# [Material for this task]
━━━━━━━━━━━━━━━━
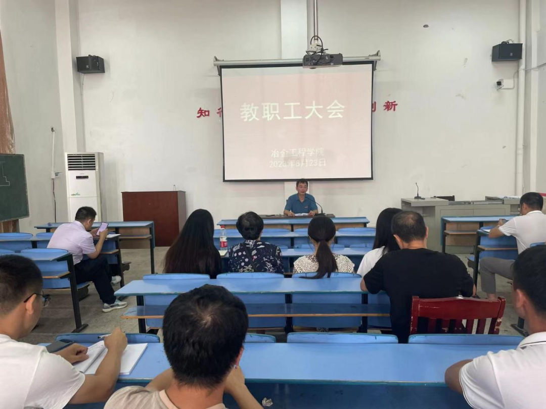 2023年8月23日,在新一教301教室,冶金工程学院召开新学期教职工大会。会议由院长曾伟勇主持,全体教职工参加。
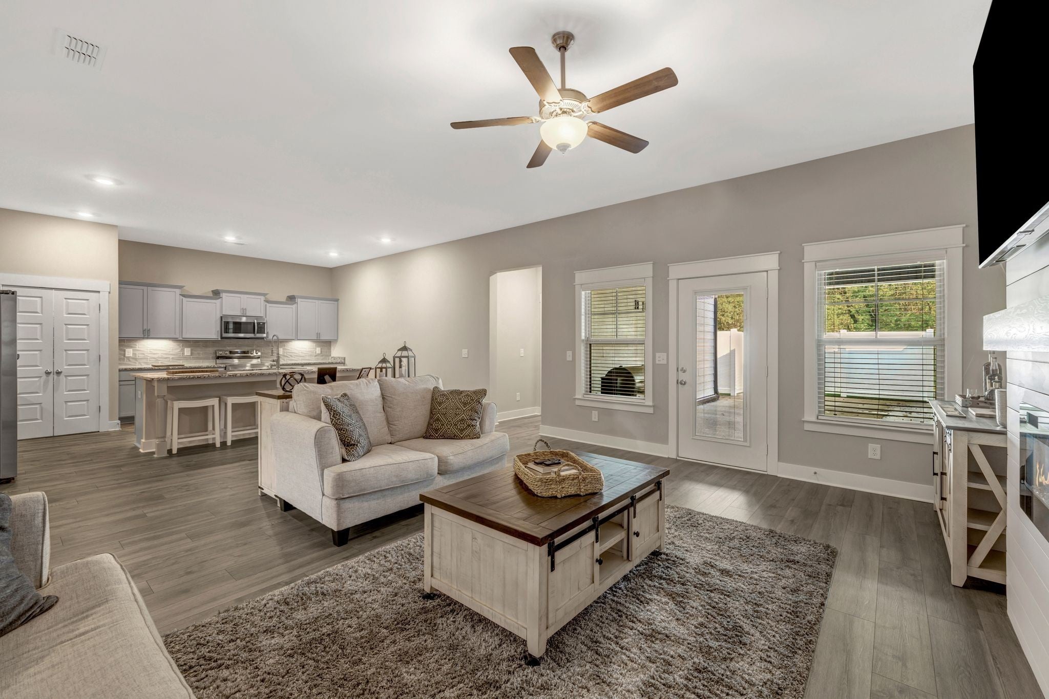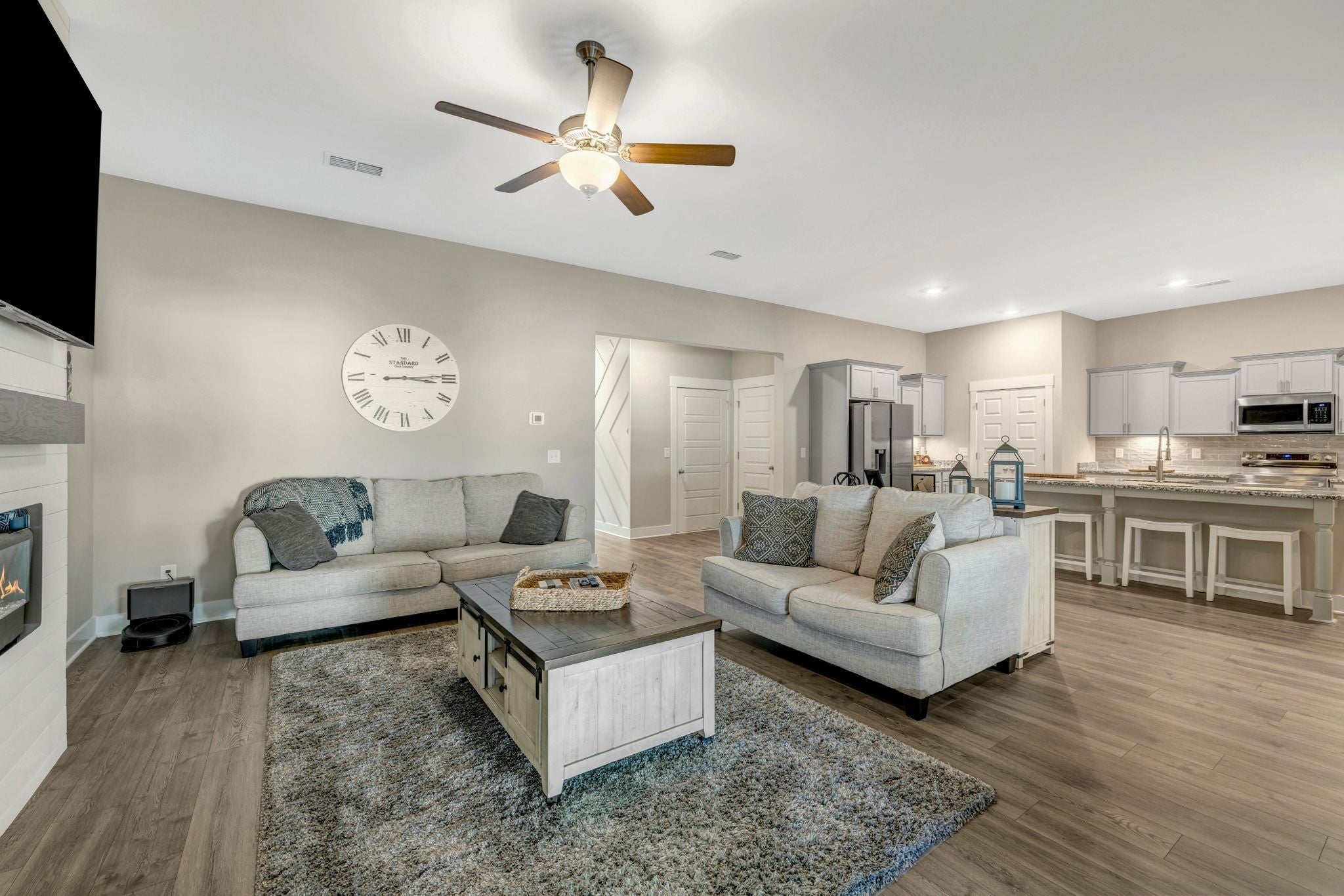 Modern Luxury Meets Effortless Living! This 2023 single-level townhome still feels brand new. It offers rare custom touches—starting with a striking ship lap fireplace that instantly sets it apart. The fiber-cement and stone exterior pairs with accent wood trim in the entry for a warm, upscale welcome. Inside, an open-concept design seamlessly connects the kitchen, dining, and living areas, creating a spacious flow perfect for entertaining. The chef’s kitchen features a generous granite island, under-cabinet lighting, and abundant cabinetry for effortless storage. Relax on the covered back porch or in the fenced patio that backs to a wooded area, giving you extra privacy and a peaceful view. The primary suite is tucked quietly at the rear with a large walk-in closet, while the second bedroom works beautifully as a guest room or office. Practical details—like a 2-car insulated garage and a roomy laundry—complete the package. Enjoy low-maintenance living with HOA care of exterior and grounds, all in a convenient Murfreesboro location near schools, shopping, and city amenities.
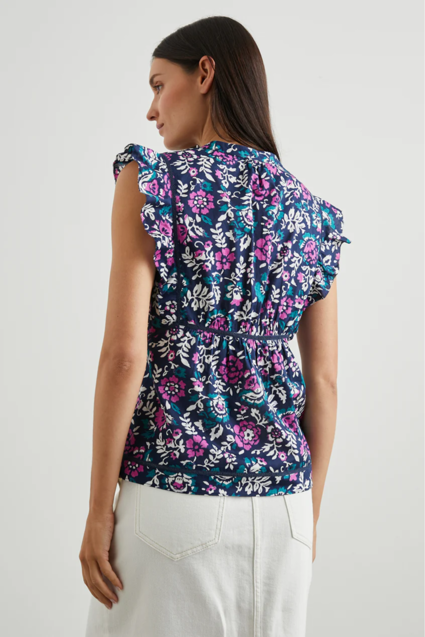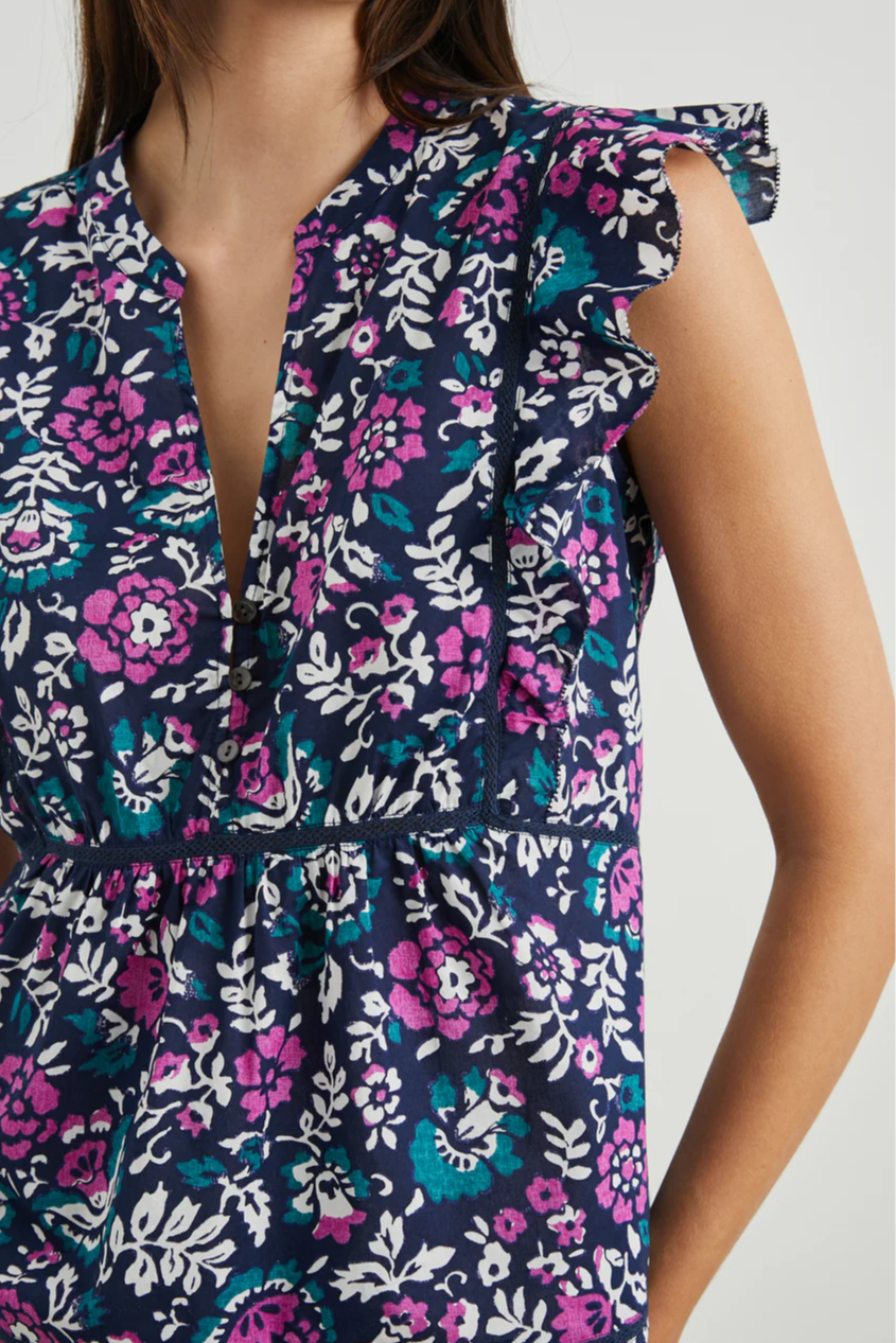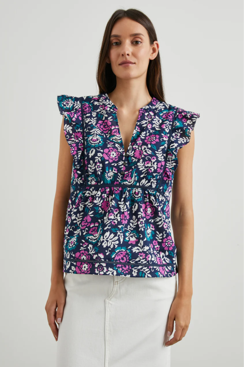 Step out in style this season in the eye-catching Misha. This top is made from seriously soft beach cotton in a bold floral pattern. It features feminine flutter sleeves, a v-neckline, and contouring stitching throughout.
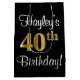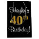 Ce design élégant, luxueux et sophistiqué sur le thème de l'anniversaire comprend le numéro ordinal "40th" ayant une grande apparence fausse/imitation or, en plus d'un message de voeux d'anniversaire et un nom de destinataire personnalisé dans une police de style script. L'arrière - plan est noir de couleur. Un sac-cadeau à thème d’anniversaire comme celui-ci peut être utilisé pour donner un cadeau ou un cadeau pour célébrer le 40e anniversaire de quelqu’un. [~Z0000513]
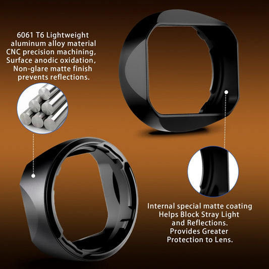 Aluminum alloy materials, machined by CNC precision machine tools,the non-glare matte finish on the inside reduces lens flare and reflection.
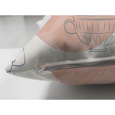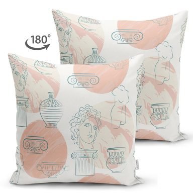 Renkli Zeminde Onedraw Antik Çizimli Dijital Baskılı Modern Süet Yastık Kırlent Kılıfı
━━━━━━━━━━━━━━━━
Nothing but an exact copy of the data above, minus its pictures, should appear in the response.

# [Solution for this problem]
 2023年8月23日,在新一教301教室,冶金工程学院召开新学期教职工大会。会议由院长曾伟勇主持,全体教职工参加。
 Modern Luxury Meets Effortless Living! This 2023 single-level townhome still feels brand new. It offers rare custom touches—starting with a striking ship lap fireplace that instantly sets it apart. The fiber-cement and stone exterior pairs with accent wood trim in the entry for a warm, upscale welcome. Inside, an open-concept design seamlessly connects the kitchen, dining, and living areas, creating a spacious flow perfect for entertaining. The chef’s kitchen features a generous granite island, under-cabinet lighting, and abundant cabinetry for effortless storage. Relax on the covered back porch or in the fenced patio that backs to a wooded area, giving you extra privacy and a peaceful view. The primary suite is tucked quietly at the rear with a large walk-in closet, while the second bedroom works beautifully as a guest room or office. Practical details—like a 2-car insulated garage and a roomy laundry—complete the package. Enjoy low-maintenance living with HOA care of exterior and grounds, all in a convenient Murfreesboro location near schools, shopping, and city amenities.
 Step out in style this season in the eye-catching Misha. This top is made from seriously soft beach cotton in a bold floral pattern. It features feminine flutter sleeves, a v-neckline, and contouring stitching throughout.
 Ce design élégant, luxueux et sophistiqué sur le thème de l'anniversaire comprend le numéro ordinal "40th" ayant une grande apparence fausse/imitation or, en plus d'un message de voeux d'anniversaire et un nom de destinataire personnalisé dans une police de style script. L'arrière - plan est noir de couleur. Un sac-cadeau à thème d’anniversaire comme celui-ci peut être utilisé pour donner un cadeau ou un cadeau pour célébrer le 40e anniversaire de quelqu’un. [~Z0000513]
 Aluminum alloy materials, machined by CNC precision machine tools,the non-glare matte finish on the inside reduces lens flare and reflection.
 Renkli Zeminde Onedraw Antik Çizimli Dijital Baskılı Modern Süet Yastık Kırlent Kılıfı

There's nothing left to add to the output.